Asked on April 4, 2012 under Employment Labor Law, Michigan

Answers:

SJZ, Member, New York Bar / FreeAdvice Contributing Attorney

Answered 10 years ago | Contributor

IF part of her job were being a server (e.g. waitress, bartender) as as a result, she earned tips, then it would be legal to pay her less than minimum wage. The wage and hour laws allow an employer a  "tip credit" when hospitality industry employees earn tips. Basically, if her hourly wage plus her tips brings her over minimum wage  (for example, between wages and tips she earns at least $290 for a 40 hour week), that would be legal.

But if, as you indicate, she is non-tipped position, then she must be paid minimum wage (at least $7.25 per hour). Also, whether she earns tips or not, when she works more than 40 hours in work week, she must be paid overtime (time-and-a-half) for all  hours past 40.
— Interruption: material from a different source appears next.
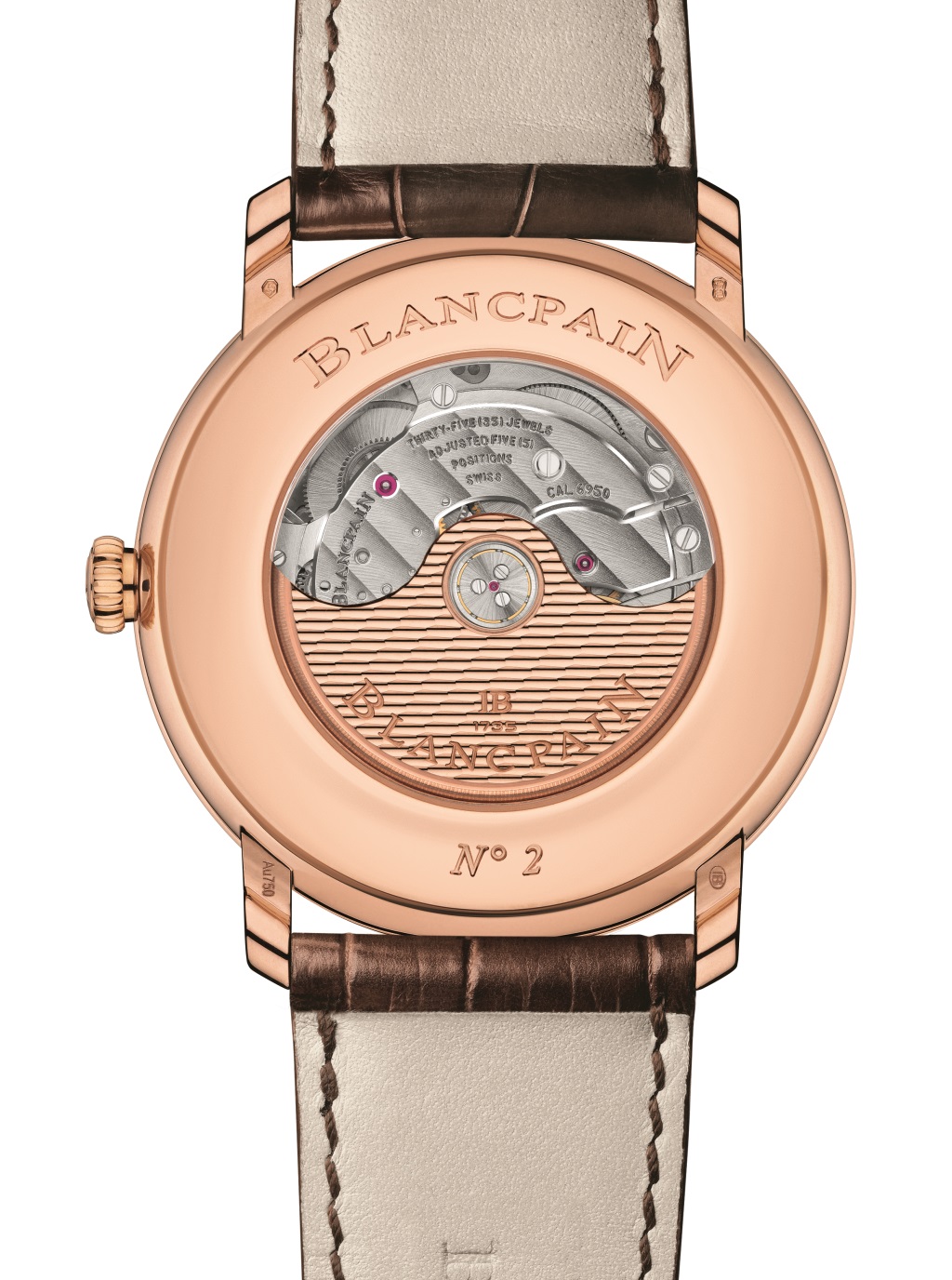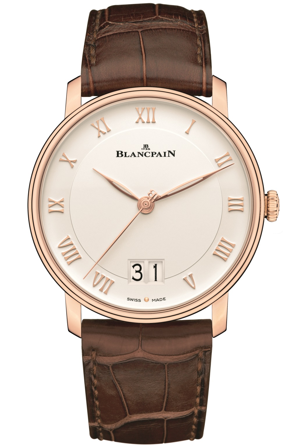 Спокойные классические часы коллекции Villeret выполнены в корпусе диаметром 40 мм и толщиной 10.88 мм, материал — 18-каратное розовое золото, водонепроницаемость — 3 bar. Циферблат опалиновый с накладными золотыми часовыми метками в виде римских чисел. Стрелки типа «листок» изящно скелетонированы в центральной части, противовес секундной стрелки стилизован в виде инициалов JB. Сапфировое стекло в задней крышке корпуса открывает взгляду наблюдателя автоматический калибр Blancpain 6950.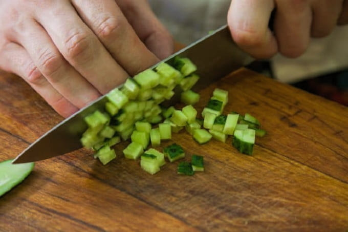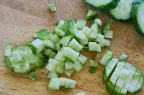 - Giet water over de komkommer en snijd hem in dunne blokjes. Als de schil niet te dik is, kun je deze laten zitten.

If she is not being paid as much as she should be paid, she should have a legal cause of action. She could file a complaint with the state department of labor, or she could sue. If she sues, she could potentially recover all back wages she should have been paid; in many circumstances, she'd be entitled to additional compensation as well--e.g. double back wages, attorney's fees. It would be worthwhile for her to meet with an employment law attorney to discuss her options in detail.